Dan tahun yang lalu Kissinger marah-marah tentang apa yang
dikatakannya sebagai "tirani" dunia ketiga itu. Waktu itu
kelompok mayoritas itu tak tanggung-tanggung menghantam Israel,
supaya keluar dari PBB dan memukul Afrika Selatan agar negara
putih di benua Afrika itu keluar dari sidang-sidang MU PBB.
Kissinger juga menambahkan, bahwa bangsa-bangsa baru merdeka
dari Asia, Afrika dan merika Latin itu telah memaksa
negeri-negeri industri untuk memenuhi keinginan ekonomis mereka
yang tak realistis.
Masih banyak isyu lain. Misalnya tuduhan bahwa"zionisme" sama
dengan "imperialime". Dan adalah atas alasan takut kalah suara
maka AS dan Uni Soviet dalam Konperensi Hukum Laut PBB III yang
masih belum kelar itu mengusulkan dipakainya sistim konsensus
dalam pengambilan keputusan. Keputusan tentu saja lambat
tercapai.
Karena itu adalah berita aneh, ketika di minggu-minggu pertama
bulan ini, terbetik bahwa Menteri Luar Negeri Indonesia telah
mengecam adanya "tirani mayoritas" dari negara-negara kecil.
Dalam acara tanya jawab di hadapan National Press Club di
Washington, 30 Juni, Adam Malik menurut Reuter, yang dikutip
Antara menyebutkan perlunya diadakan perbaikan sistim perwakilan
di PBB. Perlu diadakan sudi untuk itu misalnya apakah anggota
badan tersebut perlu didasarkan atas jumlah penduduk ataupun
faktor-faktor lain. Soalnya, keluh Adam Malik, Indonesia sebagai
negara berpenduduk terpadat ke lima didudukkan sejajar dengan
negara-negara yang penduduknya hanya satu prosen dari 130 juta.
Sepekan kemudian berita itu dibantah Direktorat Penerangan
Luarnegeri Deplu karena katanya telah disajikan menyimpang dari
konteks Minggu lalu, di rumahnya Adam Malik memberi penjelasan
lagi kepada TEMPO (lihat box Nasional). Ide Adam Malik itu
memang baru, mungkin segar. Tapi apakah bisa dipraktekkan, dan
apakah dasarnya cukup benar dan adil, masih bisa dipersoalkan.
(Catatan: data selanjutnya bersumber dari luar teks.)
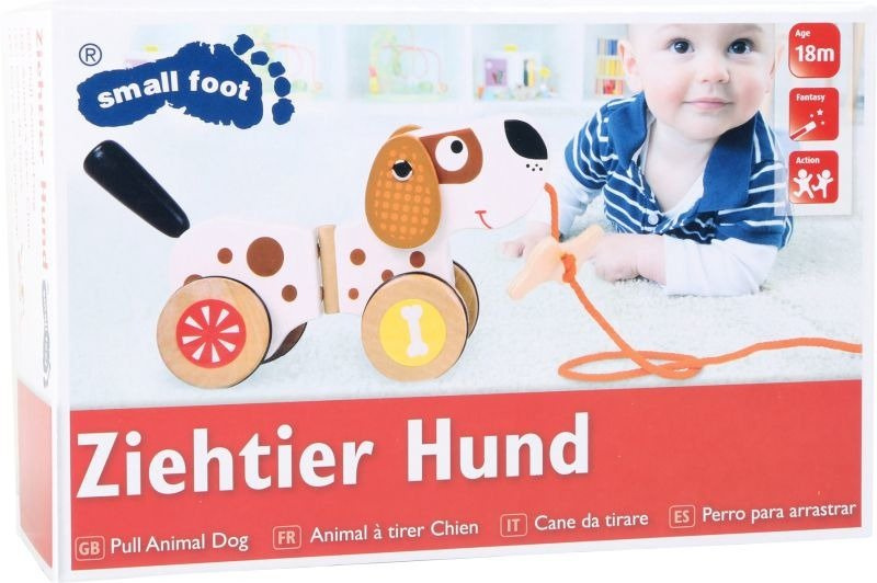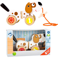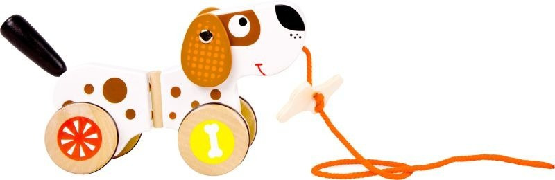 Drewniany piesek do ciągnięcia na sznurku, poruszający ogonem i uszami podczas zabawy. Posiada gumowe osłonki na kołach ograniczające hałas.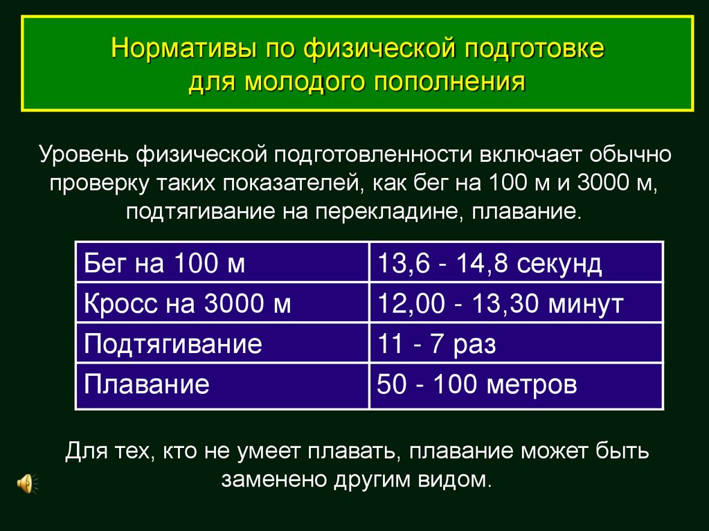 Нормативы по физической подготовкедля молодого пополнения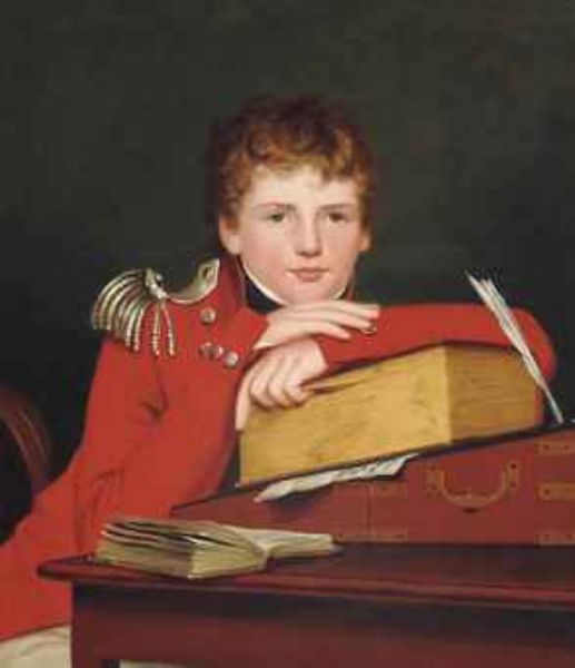 | Portrait of a boy, half-length, in uniform, leaning on a book on a writing desk | |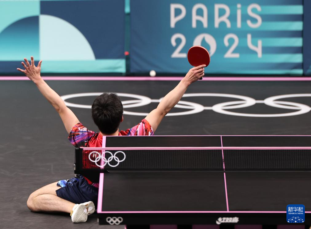 7月31日,张本智和在比赛获胜后庆祝。新华社记者 王东震 摄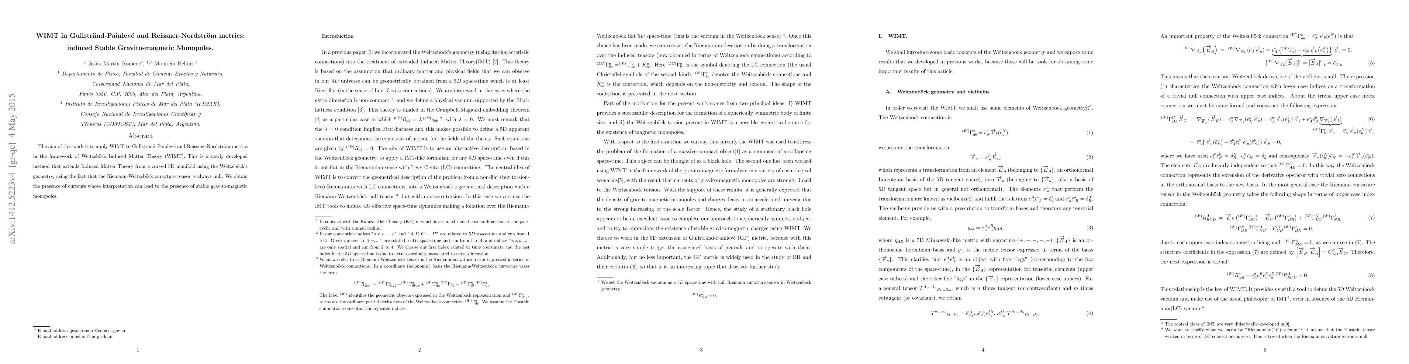 The aim of this work is to apply WIMT to Gullstr\'and-Painlev\'e and Reissner-Nordstr\"om metrics in the framework of Weitzeb\"ock Induced Matter Theory (WIMT). This is a newly developed method that extends Induced Matter Theory from a curved 5D manifold using the Weitzeb\"ock's geometry, using the fact that the Riemann-Weitzeb\"ock curvature tensor is always null. We obtain the presence of currents whose interpretation can lead to the presence of stable gravito-magnetic monopoles.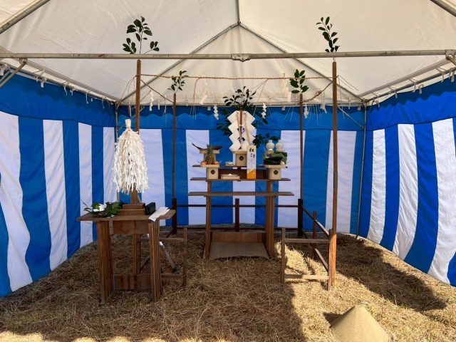 土地の四方をお祓いし、土地全体を清めていきます。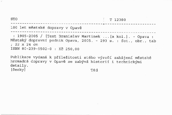 Vydání: Městský dopravní podnik Opava 2005 | Jazyk: čeština | Signatura: T 12380

Pendeknya, PBB perlu diubah. Tapi, Adam Malik menegaskan bahwa
biar banyak keluhan terhadap PBB, Indonesia tetap menganggap
badan dunia satu-satunya itu harus terus dipertahankan,
PBB memang bertahan hingga sekarang. Kecuali Indonesia yang
pernah angkat kaki tahun 1965 (kemudian masuk kembali setahun
kemudian), tak satupun anggota-anggotanya yang keluar -- lain
dengan Liga Bangsa-Bangsa dulu, dan itulah yang menyebabkan
rapuhnya badan dunia pra PD II itu. Entah benar seperti
dikatakan Kissinger tahun lalu bahwa yang sebenarnya
berkepentingan dengan PBB adalah negara-negara dunia ketiga.
Menurut dia, AS dapat makmur tanpa tergantung dari badan itu.
PBB dimaksudkan untuk mengajukan kemajuan sosial dan standar
hidup dalam kemerdekaan yang lebih luas. Tapi ia bukanlah badan
pemerintahan dunia yang mendiktekan hubungan subordinatif dengan
negara-negara anggotanya. Tak ada yang lebih tinggi dari
masing-masing anggota organisasi itu sendiri-sendiri, tak pula
ada kepala PBB yang jadi petinggi bagi kepala negara
masing-masing. Azas persamaan, kesederajatan equality) jelas
terbaca dalam Piagam yang dibuat di San Francisco 31 tahun yang
lalu.
Sebaliknya para penulis hukum internasional sendiri mengakui
bahwa azas persamaan negara yang melahirkan satu negara satu
suara ini telah diterobos oleh adanya hak veto serta
keanggotaan tetap pada Dewan Keamanan. Alasan pokok
dilahirkannya veto pemungkas itu adalah karena lima anggota
tetap DK itu (AS, US, Inggeris, Perancis dan Cina) harus
menjalankan beban tanggung-jawab mempertahankan perdamaian dan
keamanan. Karena itu tak satu dari si berlima itu yang dapat
dipaksa hanya dengan pemungutan suara, menurut sesuatu tindakan
yang tak disetujuinya. Itulah suasana pada saat Piagam dibikin.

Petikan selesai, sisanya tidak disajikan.